COMMENT
The commodification of the rainbow culture has been in full force lately. The Auckland Pride Board made a decision to not allow police officers to march in uniform in the Auckland Pride Parade. The police said if they couldn't march in uniform then they wouldn't march at all. Don't be under the impression the police were banned. They were not. They were still invited to march, but in fancy or plain clothes. This was not good enough. Since then all hell has broken loose. Both from outside the LGBTQIA+ community and within it.
First off, the Pride Organisation doesn't need a reason for this ban. It's their parade. Not the sponsors', not mine, and certainly not the police's. But they still provided a reason. They said that after seven consultation meetings - yes, seven - the feeling was that the uniform of the police represented oppression and ill-treatment of members of the LGBTQIA+ community and that some of the more marginalised members of the LGBTQIA+ community felt threatened by it, particularly Māori and Pasifika members.

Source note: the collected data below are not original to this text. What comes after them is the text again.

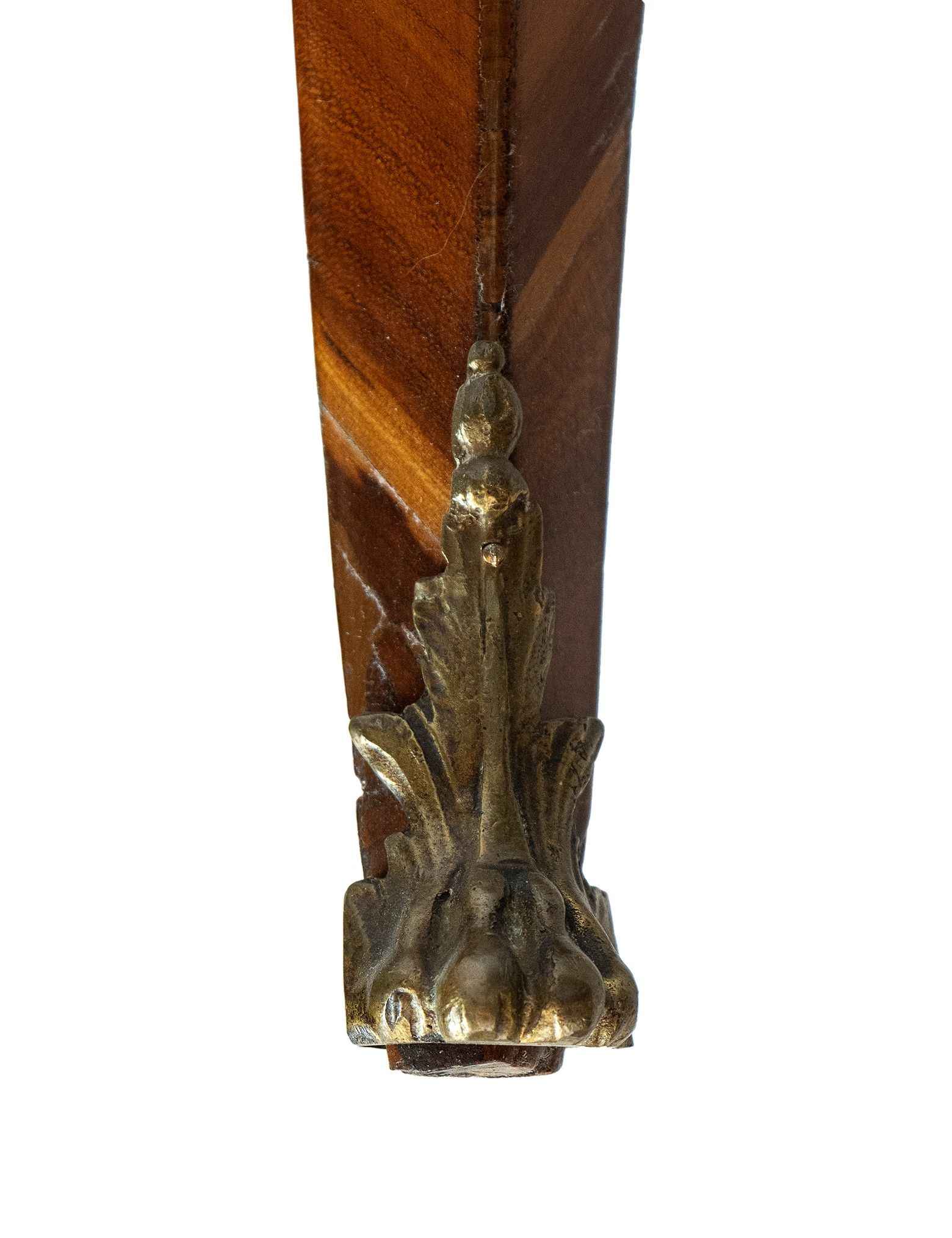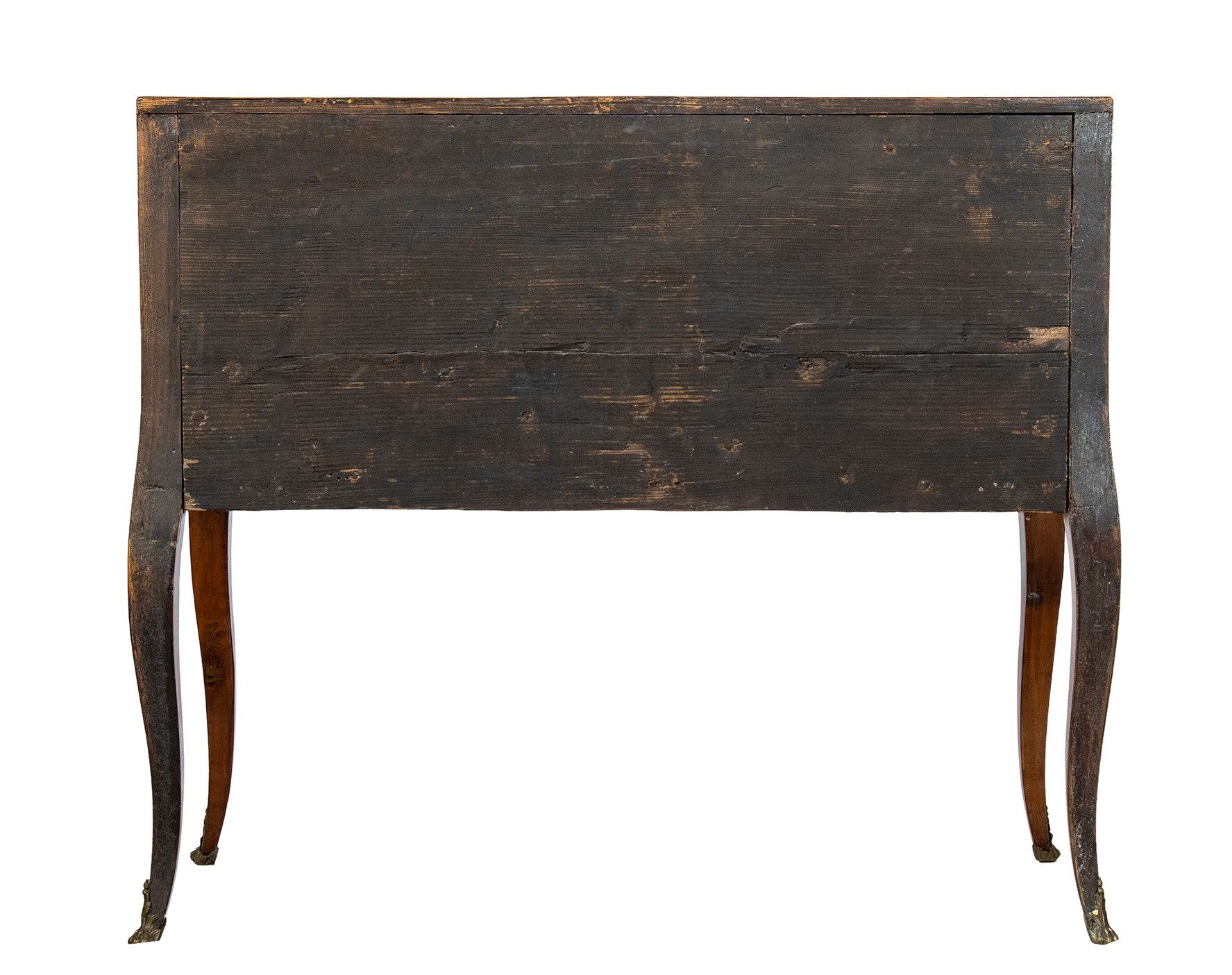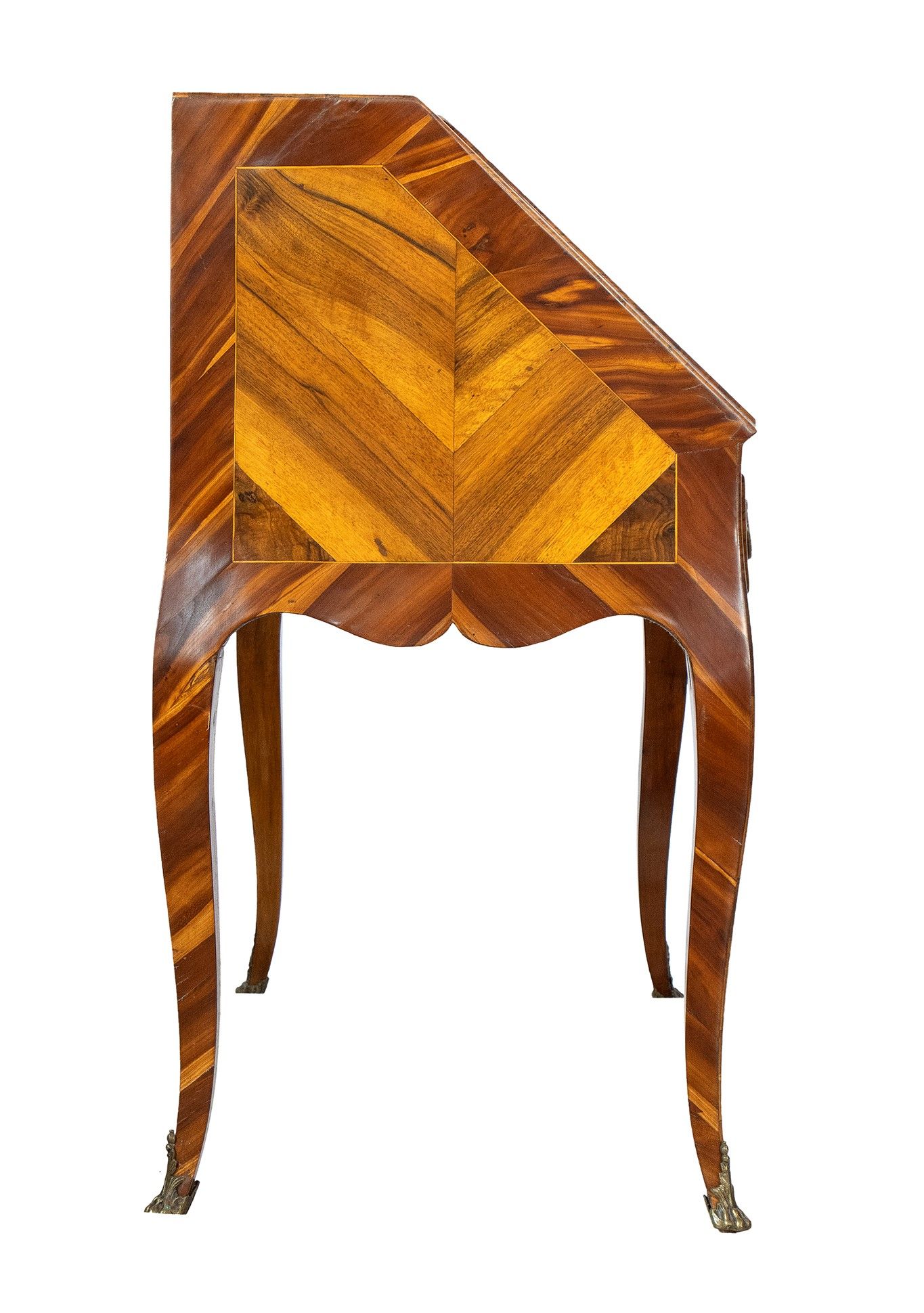a tre casseti con gambe cabriolet, calatoia intarsiata con filettature in legno di bosso con scomparti a giorno ed pozzetto segreto, piano interno in pelle nera.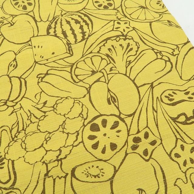 温もり抱く緑黄色の帯地全面に描き込まれた野菜柄のデザインモチーフ、スイカにリンゴ、カボチャやレンコン・ピーマンなど愛らしい癒し柄が醸し出すえも言われぬお洒落感は必見の価値あり!それはモダン創作の奥行そのもの、馴染みの題材ながらもさりげなくお洒落を演出する小粋なセンス…貴女にエレガントな魅力と深みを備えた大人の帯姿を。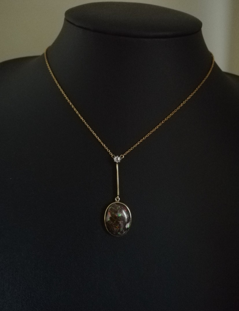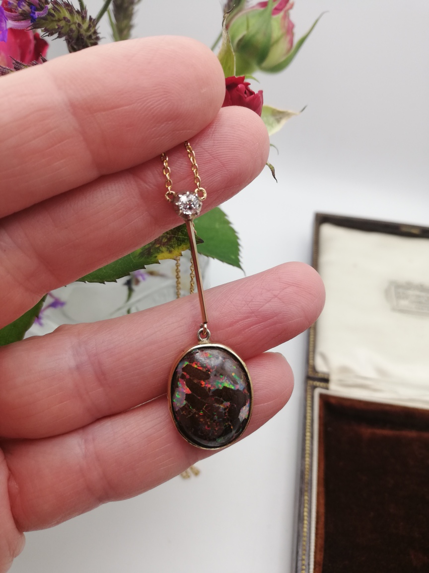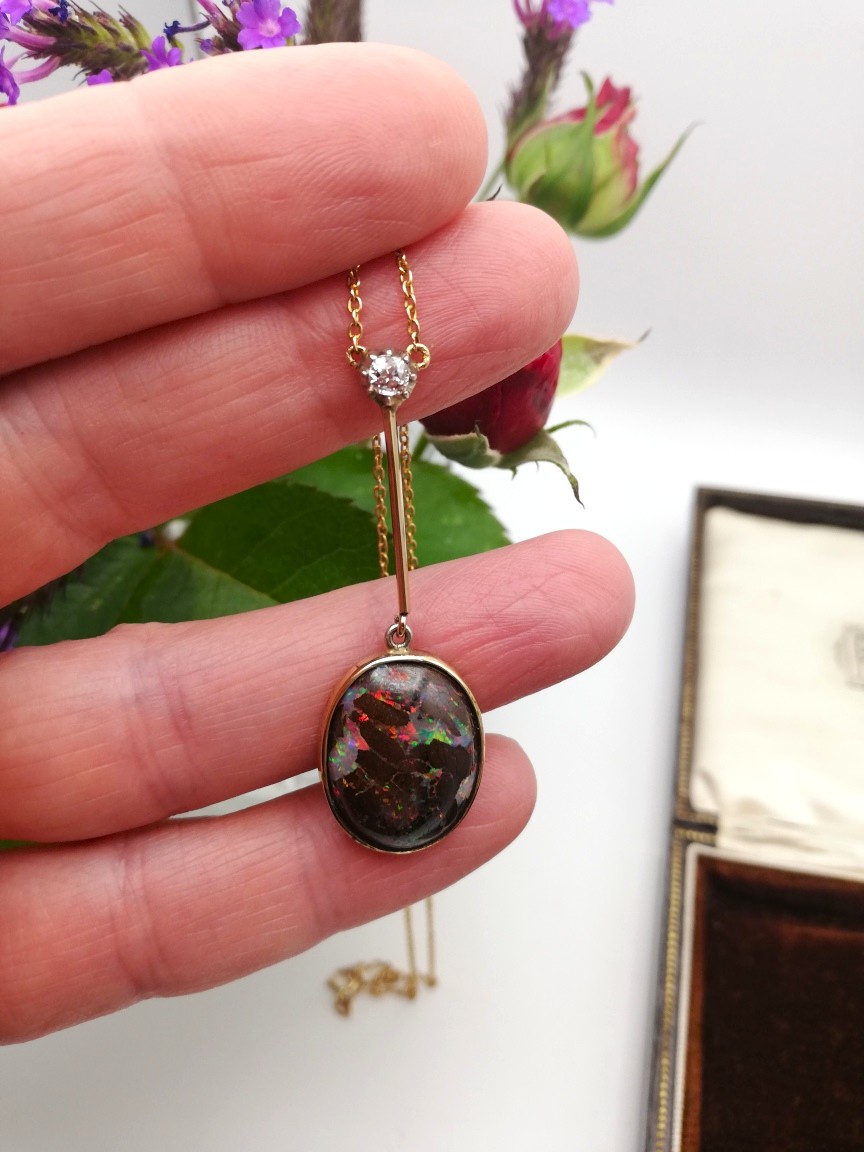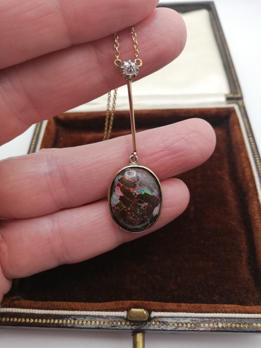 A very rare find indeed for a number of reasons, not least because of the gorgeously vibrant boulder opal used as the centrepiece to this classic c1910 Edwardian lavalier design. The stone is WOW and to find it paired with an old-cut diamond, set in a pinched setting (in Georgian style), well it is a beautiful rarity and I am pretty sure you will not find another just like it.

I'm a white, cis-gendered, hetero dude. I am the reverse of marginalised. I sit right at the top of the social hierarchy. I can't properly fathom what it means to be marginalised even at its most simple level like being a different ethnicity, or a different sex, let alone being part of the LGBTQIA+ community, and then there are still marginalised groups within that marginalised group.
From my position, Pride seems to be a celebration of the LGBTQIA+ community, and to give them a safe place where they can live in a way that someone in my position gets to live every day. The fight for full and equal rights is nowhere near over so events like these, while still a celebration, are also tinged with the spectre of activism.